+++ Data for review +++

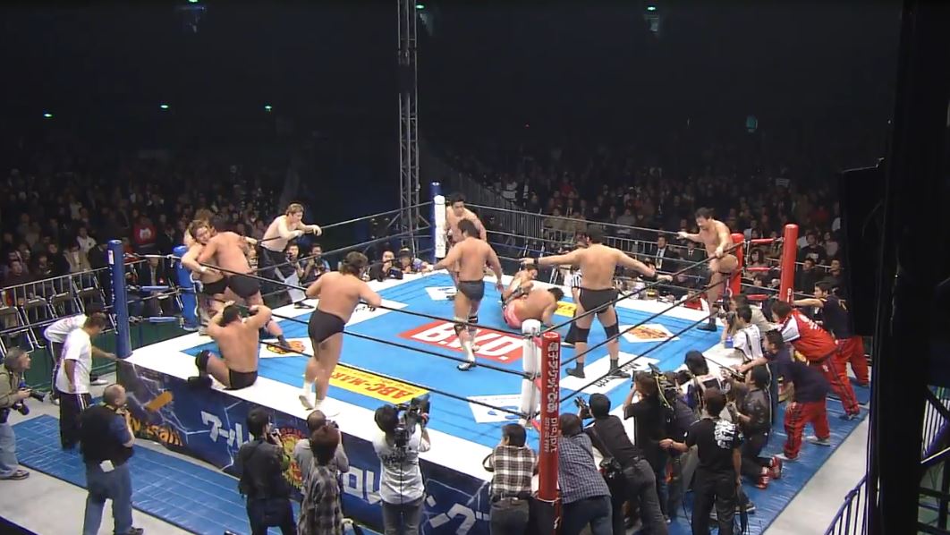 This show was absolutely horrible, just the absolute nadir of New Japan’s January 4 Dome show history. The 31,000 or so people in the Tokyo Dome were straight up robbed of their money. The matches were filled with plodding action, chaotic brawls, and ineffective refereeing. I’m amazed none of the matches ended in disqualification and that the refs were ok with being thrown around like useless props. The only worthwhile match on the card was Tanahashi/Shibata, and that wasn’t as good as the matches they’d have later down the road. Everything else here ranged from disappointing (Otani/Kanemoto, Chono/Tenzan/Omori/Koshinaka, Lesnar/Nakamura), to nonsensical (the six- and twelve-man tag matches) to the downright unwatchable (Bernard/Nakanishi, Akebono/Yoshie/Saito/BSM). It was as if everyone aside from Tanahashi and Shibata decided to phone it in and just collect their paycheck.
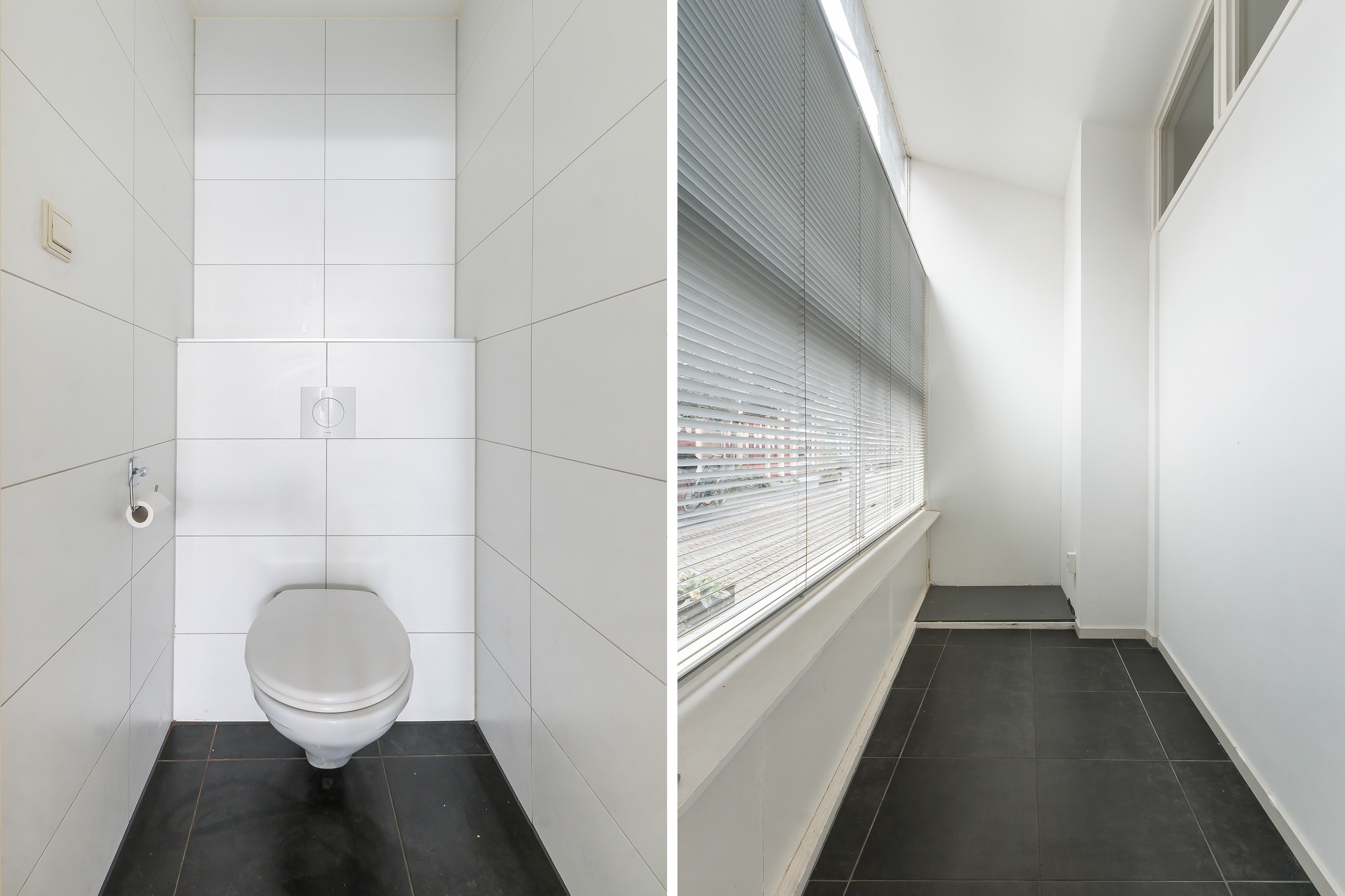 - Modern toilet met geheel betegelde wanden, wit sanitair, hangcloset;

+++
+++ Data for review +++

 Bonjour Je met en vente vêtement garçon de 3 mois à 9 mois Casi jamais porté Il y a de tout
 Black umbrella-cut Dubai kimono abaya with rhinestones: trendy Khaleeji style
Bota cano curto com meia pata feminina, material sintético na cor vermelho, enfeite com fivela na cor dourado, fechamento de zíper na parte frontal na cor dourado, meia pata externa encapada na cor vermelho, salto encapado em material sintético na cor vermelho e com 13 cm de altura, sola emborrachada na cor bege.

+++
+++ Data for review +++

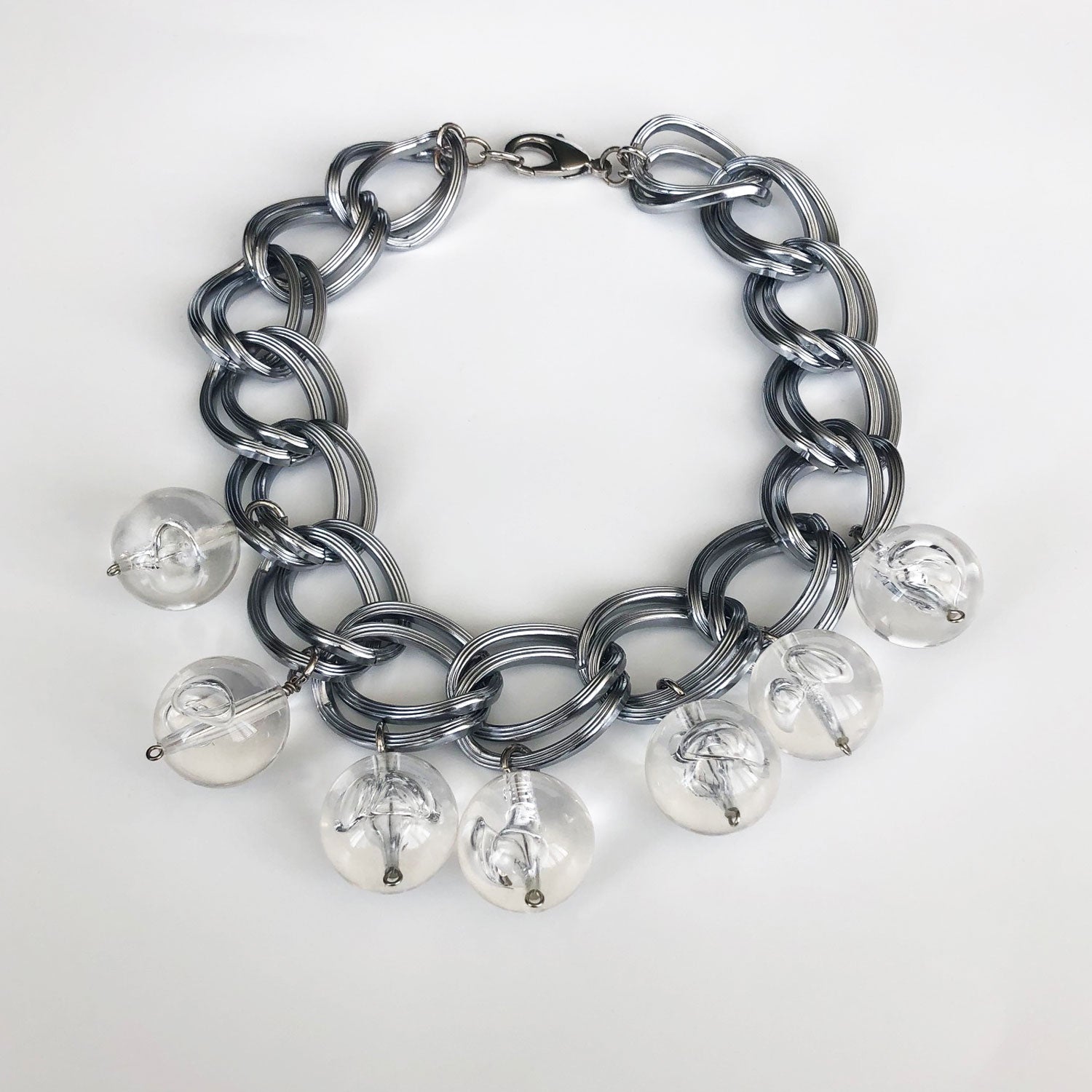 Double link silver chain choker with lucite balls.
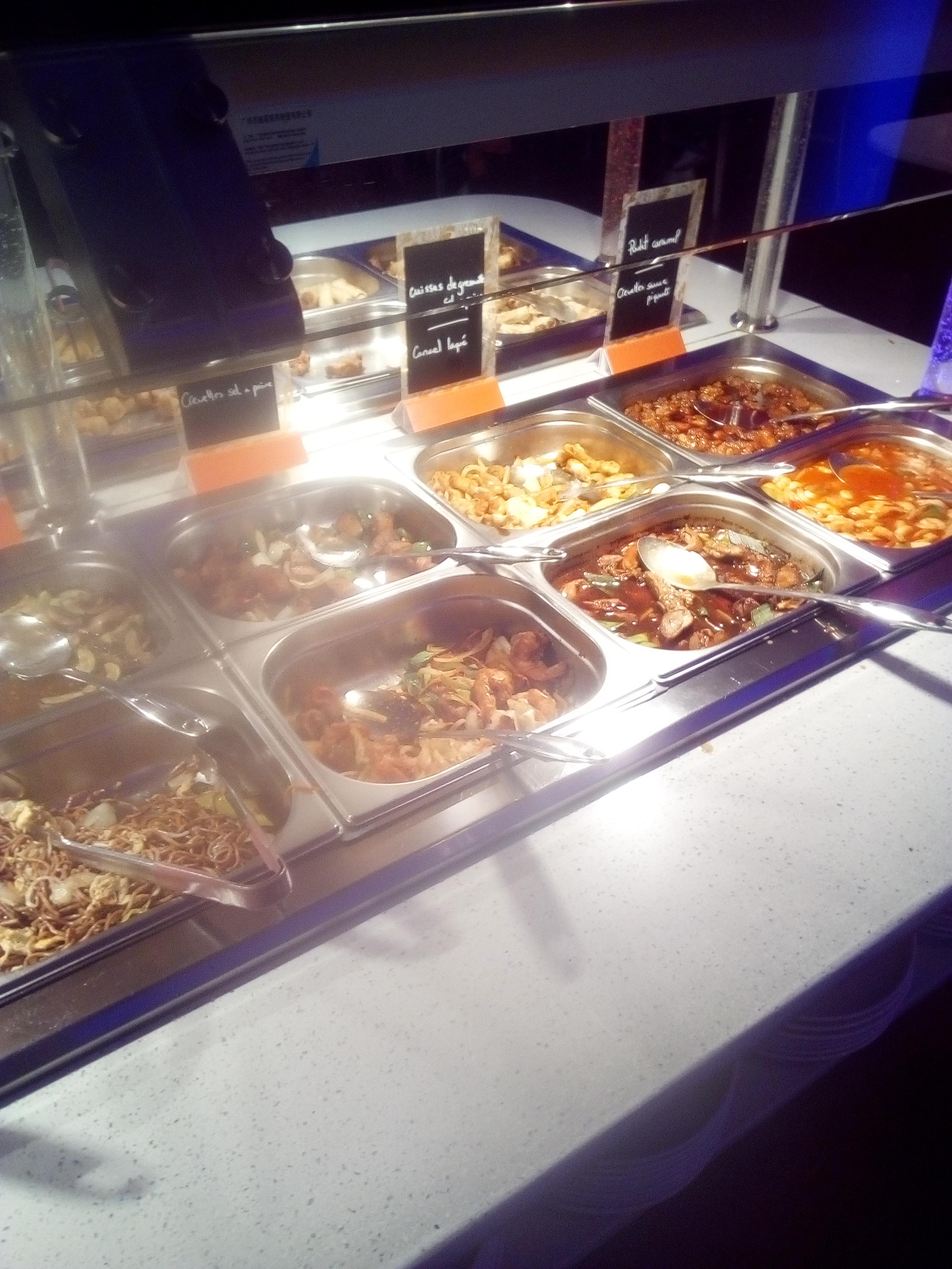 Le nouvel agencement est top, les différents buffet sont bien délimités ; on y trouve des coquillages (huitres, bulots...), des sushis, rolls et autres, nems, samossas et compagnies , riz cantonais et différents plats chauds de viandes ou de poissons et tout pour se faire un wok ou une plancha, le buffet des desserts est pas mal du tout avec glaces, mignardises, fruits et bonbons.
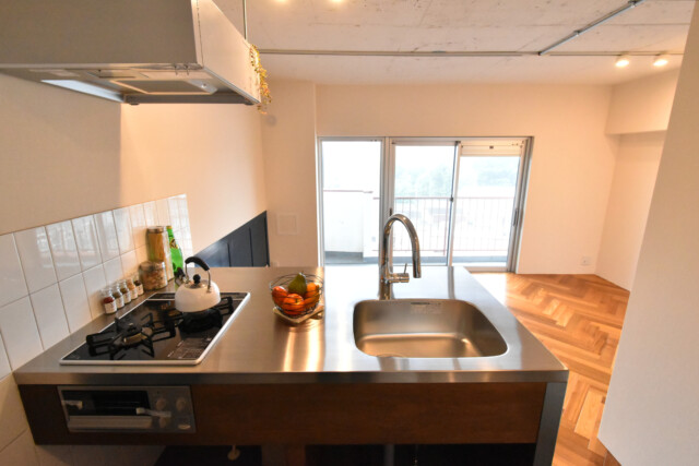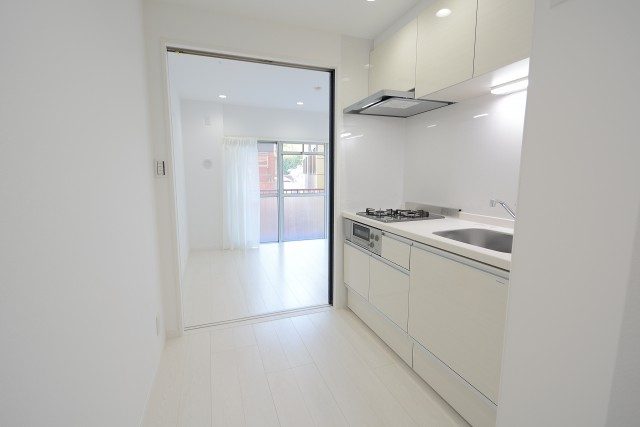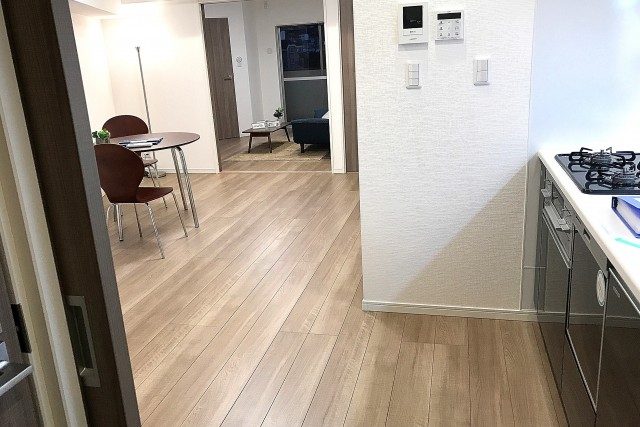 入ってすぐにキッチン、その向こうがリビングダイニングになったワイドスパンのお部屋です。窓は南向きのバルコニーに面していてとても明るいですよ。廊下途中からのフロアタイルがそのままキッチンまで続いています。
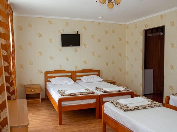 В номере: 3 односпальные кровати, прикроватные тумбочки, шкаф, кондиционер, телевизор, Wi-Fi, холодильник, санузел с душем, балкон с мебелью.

+++

What you return must match the lines above from the one with "入ってすぐにキッチン、その向" through the one with "В номере: 3" exactly, with both ends included and the pictures excluded.

 入ってすぐにキッチン、その向こうがリビングダイニングになったワイドスパンのお部屋です。窓は南向きのバルコニーに面していてとても明るいですよ。廊下途中からのフロアタイルがそのままキッチンまで続いています。
 В номере: 3 односпальные кровати, прикроватные тумбочки, шкаф, кондиционер, телевизор, Wi-Fi, холодильник, санузел с душем, балкон с мебелью.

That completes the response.